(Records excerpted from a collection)
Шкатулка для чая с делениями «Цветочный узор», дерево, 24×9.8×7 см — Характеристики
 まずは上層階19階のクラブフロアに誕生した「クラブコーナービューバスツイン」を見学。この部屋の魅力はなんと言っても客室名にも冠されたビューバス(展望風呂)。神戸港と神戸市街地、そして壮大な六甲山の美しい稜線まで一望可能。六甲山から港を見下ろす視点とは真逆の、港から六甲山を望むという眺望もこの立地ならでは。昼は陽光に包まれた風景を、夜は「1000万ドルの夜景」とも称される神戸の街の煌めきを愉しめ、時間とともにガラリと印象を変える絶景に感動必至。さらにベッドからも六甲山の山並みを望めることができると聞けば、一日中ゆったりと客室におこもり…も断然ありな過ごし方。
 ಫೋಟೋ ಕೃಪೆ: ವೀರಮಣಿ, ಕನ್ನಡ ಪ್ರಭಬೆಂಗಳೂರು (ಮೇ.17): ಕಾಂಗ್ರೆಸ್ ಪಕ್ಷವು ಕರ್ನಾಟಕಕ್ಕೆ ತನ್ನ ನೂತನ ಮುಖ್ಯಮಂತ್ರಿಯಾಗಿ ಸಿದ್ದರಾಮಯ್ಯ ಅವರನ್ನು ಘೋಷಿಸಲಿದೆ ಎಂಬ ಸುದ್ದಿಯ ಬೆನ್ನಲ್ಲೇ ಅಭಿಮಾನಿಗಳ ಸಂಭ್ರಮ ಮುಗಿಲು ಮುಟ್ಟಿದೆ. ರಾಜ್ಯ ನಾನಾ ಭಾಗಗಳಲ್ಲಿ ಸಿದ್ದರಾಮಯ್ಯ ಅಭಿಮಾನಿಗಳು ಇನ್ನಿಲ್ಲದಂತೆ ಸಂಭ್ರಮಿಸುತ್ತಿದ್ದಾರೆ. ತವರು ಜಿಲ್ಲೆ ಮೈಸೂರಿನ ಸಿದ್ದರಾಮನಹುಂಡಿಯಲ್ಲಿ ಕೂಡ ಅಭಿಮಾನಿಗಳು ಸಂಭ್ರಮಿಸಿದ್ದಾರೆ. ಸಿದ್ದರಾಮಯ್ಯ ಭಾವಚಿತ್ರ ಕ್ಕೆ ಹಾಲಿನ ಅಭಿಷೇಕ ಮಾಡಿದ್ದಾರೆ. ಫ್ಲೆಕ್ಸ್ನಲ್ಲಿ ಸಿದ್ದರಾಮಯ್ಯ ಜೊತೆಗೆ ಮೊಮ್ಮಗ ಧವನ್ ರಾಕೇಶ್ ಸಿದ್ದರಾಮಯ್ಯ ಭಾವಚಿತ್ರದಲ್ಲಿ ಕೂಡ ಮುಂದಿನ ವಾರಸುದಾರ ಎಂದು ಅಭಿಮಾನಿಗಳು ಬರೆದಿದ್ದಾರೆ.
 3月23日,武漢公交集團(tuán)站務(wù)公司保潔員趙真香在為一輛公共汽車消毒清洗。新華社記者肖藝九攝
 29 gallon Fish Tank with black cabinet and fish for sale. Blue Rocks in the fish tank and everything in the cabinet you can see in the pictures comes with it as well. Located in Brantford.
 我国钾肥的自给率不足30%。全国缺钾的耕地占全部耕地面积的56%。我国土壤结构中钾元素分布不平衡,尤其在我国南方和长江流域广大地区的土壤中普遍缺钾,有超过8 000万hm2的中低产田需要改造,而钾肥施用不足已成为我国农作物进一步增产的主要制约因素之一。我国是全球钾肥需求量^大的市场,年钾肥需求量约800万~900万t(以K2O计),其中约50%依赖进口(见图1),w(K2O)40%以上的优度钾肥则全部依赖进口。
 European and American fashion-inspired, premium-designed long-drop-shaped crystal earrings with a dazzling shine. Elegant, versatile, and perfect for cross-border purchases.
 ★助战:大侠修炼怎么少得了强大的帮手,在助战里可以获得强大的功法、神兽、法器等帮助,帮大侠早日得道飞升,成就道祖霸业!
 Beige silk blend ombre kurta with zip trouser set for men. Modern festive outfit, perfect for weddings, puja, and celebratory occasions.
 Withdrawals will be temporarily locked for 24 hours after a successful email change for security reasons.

Task requirements
All records above must be printed again, exactly.

Response to the exercise
Шкатулка для чая с делениями «Цветочный узор», дерево, 24×9.8×7 см — Характеристики
 まずは上層階19階のクラブフロアに誕生した「クラブコーナービューバスツイン」を見学。この部屋の魅力はなんと言っても客室名にも冠されたビューバス(展望風呂)。神戸港と神戸市街地、そして壮大な六甲山の美しい稜線まで一望可能。六甲山から港を見下ろす視点とは真逆の、港から六甲山を望むという眺望もこの立地ならでは。昼は陽光に包まれた風景を、夜は「1000万ドルの夜景」とも称される神戸の街の煌めきを愉しめ、時間とともにガラリと印象を変える絶景に感動必至。さらにベッドからも六甲山の山並みを望めることができると聞けば、一日中ゆったりと客室におこもり…も断然ありな過ごし方。
 ಫೋಟೋ ಕೃಪೆ: ವೀರಮಣಿ, ಕನ್ನಡ ಪ್ರಭಬೆಂಗಳೂರು (ಮೇ.17): ಕಾಂಗ್ರೆಸ್ ಪಕ್ಷವು ಕರ್ನಾಟಕಕ್ಕೆ ತನ್ನ ನೂತನ ಮುಖ್ಯಮಂತ್ರಿಯಾಗಿ ಸಿದ್ದರಾಮಯ್ಯ ಅವರನ್ನು ಘೋಷಿಸಲಿದೆ ಎಂಬ ಸುದ್ದಿಯ ಬೆನ್ನಲ್ಲೇ ಅಭಿಮಾನಿಗಳ ಸಂಭ್ರಮ ಮುಗಿಲು ಮುಟ್ಟಿದೆ. ರಾಜ್ಯ ನಾನಾ ಭಾಗಗಳಲ್ಲಿ ಸಿದ್ದರಾಮಯ್ಯ ಅಭಿಮಾನಿಗಳು ಇನ್ನಿಲ್ಲದಂತೆ ಸಂಭ್ರಮಿಸುತ್ತಿದ್ದಾರೆ. ತವರು ಜಿಲ್ಲೆ ಮೈಸೂರಿನ ಸಿದ್ದರಾಮನಹುಂಡಿಯಲ್ಲಿ ಕೂಡ ಅಭಿಮಾನಿಗಳು ಸಂಭ್ರಮಿಸಿದ್ದಾರೆ. ಸಿದ್ದರಾಮಯ್ಯ ಭಾವಚಿತ್ರ ಕ್ಕೆ ಹಾಲಿನ ಅಭಿಷೇಕ ಮಾಡಿದ್ದಾರೆ. ಫ್ಲೆಕ್ಸ್ನಲ್ಲಿ ಸಿದ್ದರಾಮಯ್ಯ ಜೊತೆಗೆ ಮೊಮ್ಮಗ ಧವನ್ ರಾಕೇಶ್ ಸಿದ್ದರಾಮಯ್ಯ ಭಾವಚಿತ್ರದಲ್ಲಿ ಕೂಡ ಮುಂದಿನ ವಾರಸುದಾರ ಎಂದು ಅಭಿಮಾನಿಗಳು ಬರೆದಿದ್ದಾರೆ.
 3月23日,武漢公交集團(tuán)站務(wù)公司保潔員趙真香在為一輛公共汽車消毒清洗。新華社記者肖藝九攝
 29 gallon Fish Tank with black cabinet and fish for sale. Blue Rocks in the fish tank and everything in the cabinet you can see in the pictures comes with it as well. Located in Brantford.
 我国钾肥的自给率不足30%。全国缺钾的耕地占全部耕地面积的56%。我国土壤结构中钾元素分布不平衡,尤其在我国南方和长江流域广大地区的土壤中普遍缺钾,有超过8 000万hm2的中低产田需要改造,而钾肥施用不足已成为我国农作物进一步增产的主要制约因素之一。我国是全球钾肥需求量^大的市场,年钾肥需求量约800万~900万t(以K2O计),其中约50%依赖进口(见图1),w(K2O)40%以上的优度钾肥则全部依赖进口。
 European and American fashion-inspired, premium-designed long-drop-shaped crystal earrings with a dazzling shine. Elegant, versatile, and perfect for cross-border purchases.
 ★助战:大侠修炼怎么少得了强大的帮手,在助战里可以获得强大的功法、神兽、法器等帮助,帮大侠早日得道飞升,成就道祖霸业!
 Beige silk blend ombre kurta with zip trouser set for men. Modern festive outfit, perfect for weddings, puja, and celebratory occasions.
 Withdrawals will be temporarily locked for 24 hours after a successful email change for security reasons.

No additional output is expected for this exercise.